## Problem to solve
The records that follow must be printed exactly as they are.

(Extracted data entries)
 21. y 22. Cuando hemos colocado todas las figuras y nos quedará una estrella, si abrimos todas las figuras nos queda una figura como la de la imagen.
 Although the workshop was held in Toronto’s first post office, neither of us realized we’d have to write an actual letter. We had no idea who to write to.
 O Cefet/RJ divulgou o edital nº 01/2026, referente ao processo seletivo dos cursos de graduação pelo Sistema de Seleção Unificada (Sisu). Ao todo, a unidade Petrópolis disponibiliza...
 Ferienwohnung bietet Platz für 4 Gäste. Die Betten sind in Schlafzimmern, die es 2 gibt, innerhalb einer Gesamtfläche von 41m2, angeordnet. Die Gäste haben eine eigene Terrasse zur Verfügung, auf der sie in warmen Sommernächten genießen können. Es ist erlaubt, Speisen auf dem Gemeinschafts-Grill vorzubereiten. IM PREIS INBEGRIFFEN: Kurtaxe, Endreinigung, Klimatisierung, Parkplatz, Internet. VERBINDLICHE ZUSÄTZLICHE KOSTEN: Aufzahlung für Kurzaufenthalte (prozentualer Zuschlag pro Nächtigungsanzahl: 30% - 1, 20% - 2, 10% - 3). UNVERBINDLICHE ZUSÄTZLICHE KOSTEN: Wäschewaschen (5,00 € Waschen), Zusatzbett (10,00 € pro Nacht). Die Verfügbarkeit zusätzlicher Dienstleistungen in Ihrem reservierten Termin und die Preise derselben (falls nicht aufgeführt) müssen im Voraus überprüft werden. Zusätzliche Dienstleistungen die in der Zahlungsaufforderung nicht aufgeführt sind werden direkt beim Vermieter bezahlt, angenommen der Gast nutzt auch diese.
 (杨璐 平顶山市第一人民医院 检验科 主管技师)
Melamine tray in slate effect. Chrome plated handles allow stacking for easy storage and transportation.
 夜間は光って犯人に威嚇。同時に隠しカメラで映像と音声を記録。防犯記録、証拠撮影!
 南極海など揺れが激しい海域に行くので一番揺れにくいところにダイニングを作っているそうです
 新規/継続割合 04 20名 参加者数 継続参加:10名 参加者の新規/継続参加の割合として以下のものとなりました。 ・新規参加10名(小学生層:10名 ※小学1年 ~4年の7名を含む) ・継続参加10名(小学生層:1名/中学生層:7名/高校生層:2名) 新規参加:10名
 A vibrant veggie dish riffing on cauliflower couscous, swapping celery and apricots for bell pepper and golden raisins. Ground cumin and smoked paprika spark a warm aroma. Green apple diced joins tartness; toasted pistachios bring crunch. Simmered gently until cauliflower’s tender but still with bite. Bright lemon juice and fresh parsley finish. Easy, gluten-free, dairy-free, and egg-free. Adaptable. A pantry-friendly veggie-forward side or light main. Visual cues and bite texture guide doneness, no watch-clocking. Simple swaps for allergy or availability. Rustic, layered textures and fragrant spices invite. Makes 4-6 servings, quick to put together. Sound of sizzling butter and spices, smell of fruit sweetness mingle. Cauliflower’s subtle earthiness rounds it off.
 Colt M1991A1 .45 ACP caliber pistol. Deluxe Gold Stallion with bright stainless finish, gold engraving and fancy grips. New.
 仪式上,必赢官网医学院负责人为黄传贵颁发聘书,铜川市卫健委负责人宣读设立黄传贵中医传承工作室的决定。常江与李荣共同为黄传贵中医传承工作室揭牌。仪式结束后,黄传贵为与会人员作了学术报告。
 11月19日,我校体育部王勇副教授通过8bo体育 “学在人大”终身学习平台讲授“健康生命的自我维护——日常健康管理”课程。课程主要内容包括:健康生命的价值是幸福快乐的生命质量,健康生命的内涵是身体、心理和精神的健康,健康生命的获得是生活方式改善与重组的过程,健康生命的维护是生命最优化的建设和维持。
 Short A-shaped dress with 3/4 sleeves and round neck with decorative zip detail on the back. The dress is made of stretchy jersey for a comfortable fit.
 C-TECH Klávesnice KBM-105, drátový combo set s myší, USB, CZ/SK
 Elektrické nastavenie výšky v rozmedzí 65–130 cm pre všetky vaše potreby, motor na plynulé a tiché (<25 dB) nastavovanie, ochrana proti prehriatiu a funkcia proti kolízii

## Solution for this task
 21. y 22. Cuando hemos colocado todas las figuras y nos quedará una estrella, si abrimos todas las figuras nos queda una figura como la de la imagen.
 Although the workshop was held in Toronto’s first post office, neither of us realized we’d have to write an actual letter. We had no idea who to write to.
 O Cefet/RJ divulgou o edital nº 01/2026, referente ao processo seletivo dos cursos de graduação pelo Sistema de Seleção Unificada (Sisu). Ao todo, a unidade Petrópolis disponibiliza...
 Ferienwohnung bietet Platz für 4 Gäste. Die Betten sind in Schlafzimmern, die es 2 gibt, innerhalb einer Gesamtfläche von 41m2, angeordnet. Die Gäste haben eine eigene Terrasse zur Verfügung, auf der sie in warmen Sommernächten genießen können. Es ist erlaubt, Speisen auf dem Gemeinschafts-Grill vorzubereiten. IM PREIS INBEGRIFFEN: Kurtaxe, Endreinigung, Klimatisierung, Parkplatz, Internet. VERBINDLICHE ZUSÄTZLICHE KOSTEN: Aufzahlung für Kurzaufenthalte (prozentualer Zuschlag pro Nächtigungsanzahl: 30% - 1, 20% - 2, 10% - 3). UNVERBINDLICHE ZUSÄTZLICHE KOSTEN: Wäschewaschen (5,00 € Waschen), Zusatzbett (10,00 € pro Nacht). Die Verfügbarkeit zusätzlicher Dienstleistungen in Ihrem reservierten Termin und die Preise derselben (falls nicht aufgeführt) müssen im Voraus überprüft werden. Zusätzliche Dienstleistungen die in der Zahlungsaufforderung nicht aufgeführt sind werden direkt beim Vermieter bezahlt, angenommen der Gast nutzt auch diese.
 (杨璐 平顶山市第一人民医院 检验科 主管技师)
Melamine tray in slate effect. Chrome plated handles allow stacking for easy storage and transportation.
 夜間は光って犯人に威嚇。同時に隠しカメラで映像と音声を記録。防犯記録、証拠撮影!
 南極海など揺れが激しい海域に行くので一番揺れにくいところにダイニングを作っているそうです
 新規/継続割合 04 20名 参加者数 継続参加:10名 参加者の新規/継続参加の割合として以下のものとなりました。 ・新規参加10名(小学生層:10名 ※小学1年 ~4年の7名を含む) ・継続参加10名(小学生層:1名/中学生層:7名/高校生層:2名) 新規参加:10名
 A vibrant veggie dish riffing on cauliflower couscous, swapping celery and apricots for bell pepper and golden raisins. Ground cumin and smoked paprika spark a warm aroma. Green apple diced joins tartness; toasted pistachios bring crunch. Simmered gently until cauliflower’s tender but still with bite. Bright lemon juice and fresh parsley finish. Easy, gluten-free, dairy-free, and egg-free. Adaptable. A pantry-friendly veggie-forward side or light main. Visual cues and bite texture guide doneness, no watch-clocking. Simple swaps for allergy or availability. Rustic, layered textures and fragrant spices invite. Makes 4-6 servings, quick to put together. Sound of sizzling butter and spices, smell of fruit sweetness mingle. Cauliflower’s subtle earthiness rounds it off.
 Colt M1991A1 .45 ACP caliber pistol. Deluxe Gold Stallion with bright stainless finish, gold engraving and fancy grips. New.
 仪式上,必赢官网医学院负责人为黄传贵颁发聘书,铜川市卫健委负责人宣读设立黄传贵中医传承工作室的决定。常江与李荣共同为黄传贵中医传承工作室揭牌。仪式结束后,黄传贵为与会人员作了学术报告。
 11月19日,我校体育部王勇副教授通过8bo体育 “学在人大”终身学习平台讲授“健康生命的自我维护——日常健康管理”课程。课程主要内容包括:健康生命的价值是幸福快乐的生命质量,健康生命的内涵是身体、心理和精神的健康,健康生命的获得是生活方式改善与重组的过程,健康生命的维护是生命最优化的建设和维持。
 Short A-shaped dress with 3/4 sleeves and round neck with decorative zip detail on the back. The dress is made of stretchy jersey for a comfortable fit.
 C-TECH Klávesnice KBM-105, drátový combo set s myší, USB, CZ/SK
 Elektrické nastavenie výšky v rozmedzí 65–130 cm pre všetky vaše potreby, motor na plynulé a tiché (<25 dB) nastavovanie, ochrana proti prehriatiu a funkcia proti kolízii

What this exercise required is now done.